Samen met Benjamin, Henning en gids Daniel op weg gegaan met een smalle boot. Wonderbaarlijk hoe je blijft drijven en in evenwicht op deze bruingekleurde rivier vol stroomversnellingen, die op sommige plekken een waarachtig gevaarlijke zee lijkt en waar flinke boomstammen in ronddrijven. Het doel van deze tweedaagse was het bezoeken van andere lokale bevolkingsgroepen naast de Inban, die ik al had ontmoet. Uiteindelijk hebben we drie verschillende Kayan-huizen bezocht, waar we iedere keer bijzonder hartelijk werden ontvangen (waarschijnlijk ook omdat Daniel iedere keer heel veel geld aan ze gaf, eigenlijk ons geld) met veel rijstwijn, lokale danspartijen en live music en een gezellig praatje (waarom ben je niet getrouwd als je 34 bent, waarom heb je geen kinderen als je 34 bent, waarom heb je geen vriend als je 34 bent, enz.). Door het hoge alcoholpercentage voelde de matras ineens veel comfortabeler dan een aantal uren daarvoor bij aankomst (ongeveer 1 cm dik en dat op een houten vloer) en was het opstaan des te moeilijker de volgende morgen. Maar er was geen tijd om daar over na te denken, want de kinderen stonden al klaar om mij mee te nemen naar hun school. Die waren niet vergeten dat ik de avond tevoren had verteld dat ik een lerares ben, die heel graag de volgende dag met hun mee wilde gaan om te zien hoe de school, de klas, de leermiddelen en de meester eruit ziet. Amper een paar rijstkorrels naar binnengewerkt met een minikippenbout van een paar dagen geleden, werd ik meegesjord naar de school aan het eind van het dorp.
Daar stond de halve school op mij te wachten om mij te kunnen aanraken en de meesters probeerden met luide stem het zooitje weer in het gareel te krijgen. Belovend dat ik in iedere klas zou langskomen hielp, dus heb ik 8 keer m.b.v. tekst op het bord uitgelegd wie ik ben, hoe groot mijn familie is, waar ik woon in NL, wat ik doe in NL, waar NL ligt, wat bijzonderheden over NL en mijn reden van verblijf in Maleisië.

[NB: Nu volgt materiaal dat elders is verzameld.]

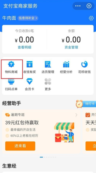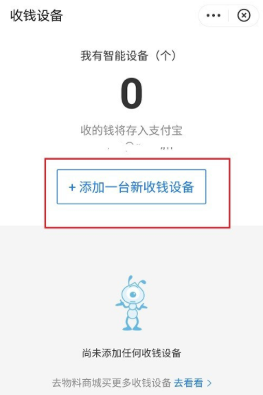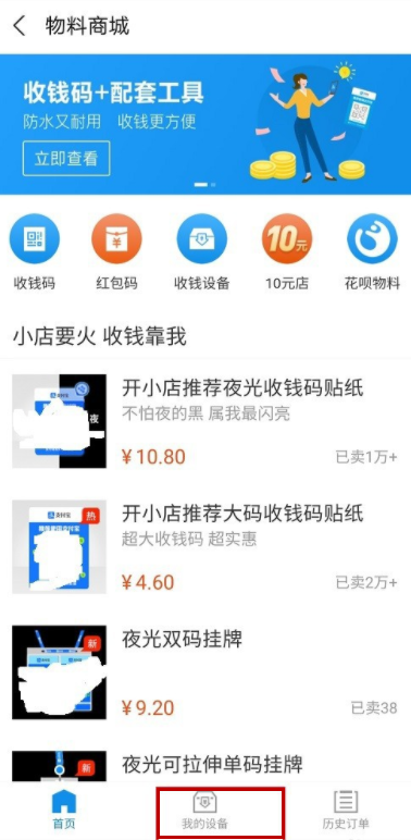 进入物料商城,如图,点击【我的设备】,查看收钱设备,点击【添加一台新收钱设备】,

Na 8 keer door een klas kinderen te zijn toegezongen als dank voor min bezoek, mocht ik een Engelse les voor de oudere klassen (12, 13, 14 jaar) bijwonen en daarna was het onmogelijk om nog rond te wandelen in en om de school vanwege de kleine broertjes en zusjes, die mij het onmogelijk maakten om te lopen door flink aan mijn armen en benen te hangen of zelfs te knijpen om te zien of blanke armen en benen wel echt zijn. Gelukkig kwamen Benjamin en Henning mij te hulp en konden we na een flinke mok koffie (inclusief spinrag, want de kopjes waren al heel lang niet gebruikt) weer in de boot om wat vis te kopen voor ons diner eenmaal terug in Belaga. Zoals al geschreven stond John ons op te wachten, maar bleef het gelukkig bij kijken en rustig nalopen en wat Maleisisch gemompel in de richting van Daniel. Na een supermaaltijd en wat gitaarmuziek van de Duitse heren, prima geslapen en uitgerust voor een nieuw avontuur: de FourWheelDrive-rit naar Bintulu.

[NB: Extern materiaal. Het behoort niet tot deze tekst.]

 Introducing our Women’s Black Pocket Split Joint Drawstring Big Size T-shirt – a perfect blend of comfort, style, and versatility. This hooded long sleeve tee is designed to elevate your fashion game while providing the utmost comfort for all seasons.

Een waanzinnige autorit op en neer door de heuvels en bergen, een pad vol diepe modder en soms zeer diepe gaten langs flinke afgronden en niet te vergeten omringd door oerwoud. Ruim 4 uur kostte het de chauffeur met veel concentratie en heel veel zweetdruppels om deze heuse tour goed te volbrengen. Onderweg vraag je je af hoe het mogelijk is dat zwaar beladen vrachtwagen ook daar rondrijden om materieel af te leveren voor houtkap en dergelijke. Voor onze FWD was het een zware klus, hoe komen deze trucks omhoog?! Eenmaal op de asfaltweg, kwamen we de bus richting Miri tegen, die ons kon meenemen naar Niah. De plek waar zeer oude grote grotten zijn, die zeer zeker de moeite waard zijn om te bezoeken.

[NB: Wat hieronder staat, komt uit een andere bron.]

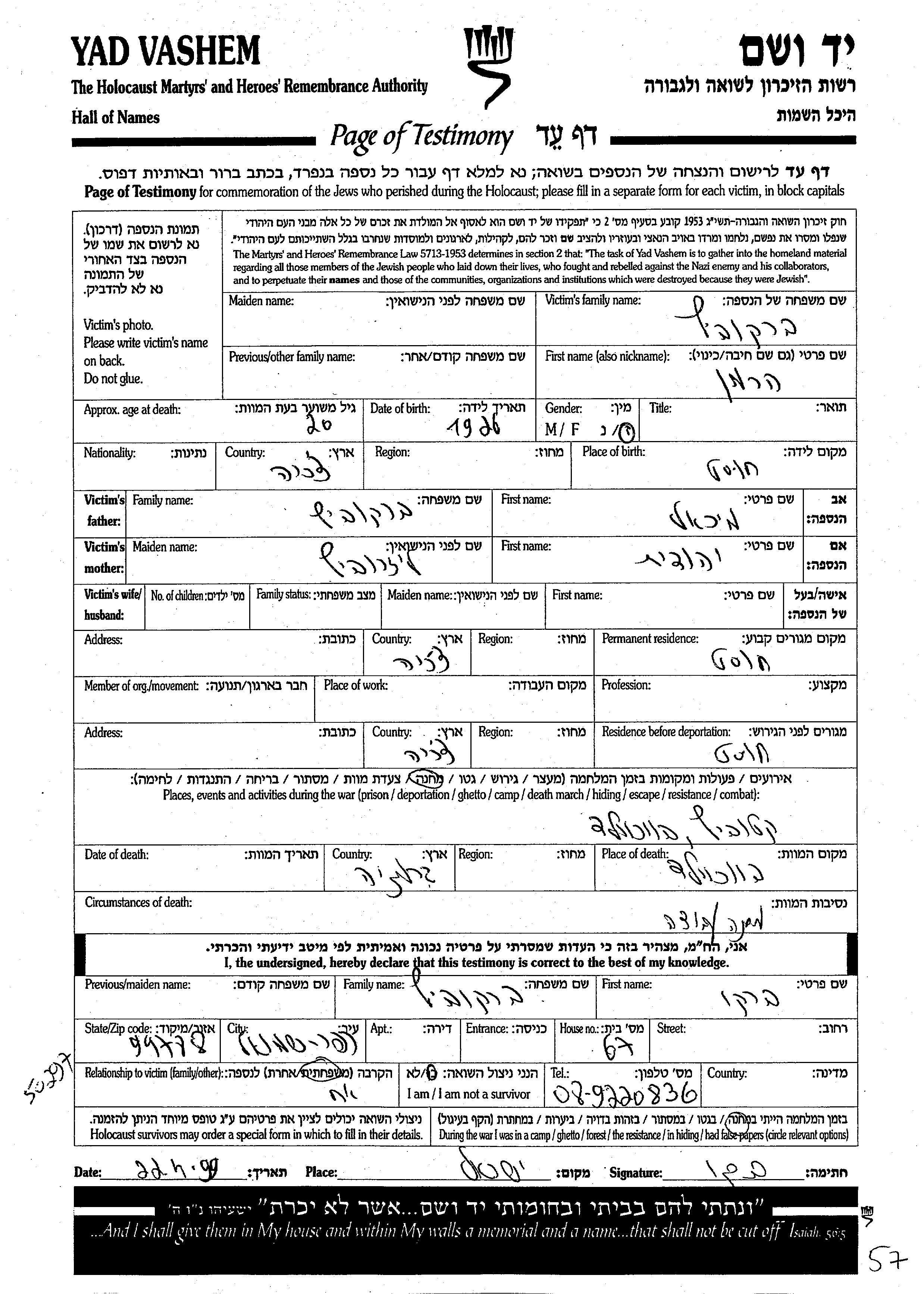 Berkovitz Herman 1926 Chust, Tschechoslowakei Gedenkblatt

Zeker weten waren de grotten de moeite waard! Zo groot en zo hoog (ruim 40 meter) en zulke rotsformaties heb ik nog nooit gezien. Een hele dag heb ik daar rondgeslenterd in het halfdonker met een zaklamp, zo bijzonder en wat vooral uniek was, dat er in de grotten wordt gezocht naar 'birdsnests', die boven in kleine nissen verstopt zitten. Dat wil zeggen dat kleine Maleisische mannetjes omhoog klimmen via een soort bamboestok en dunne touwen, ruim 40 meter omhoog! En dan met een zaklamp hopelijk een paar nesten te vinden voor de verkoop. Ik geloof 6 nestjes voor ruim RM200 ((50 euro en meer) om de beroemde Chinese soep te maken, die heel gezond voor je schijnt te zijn.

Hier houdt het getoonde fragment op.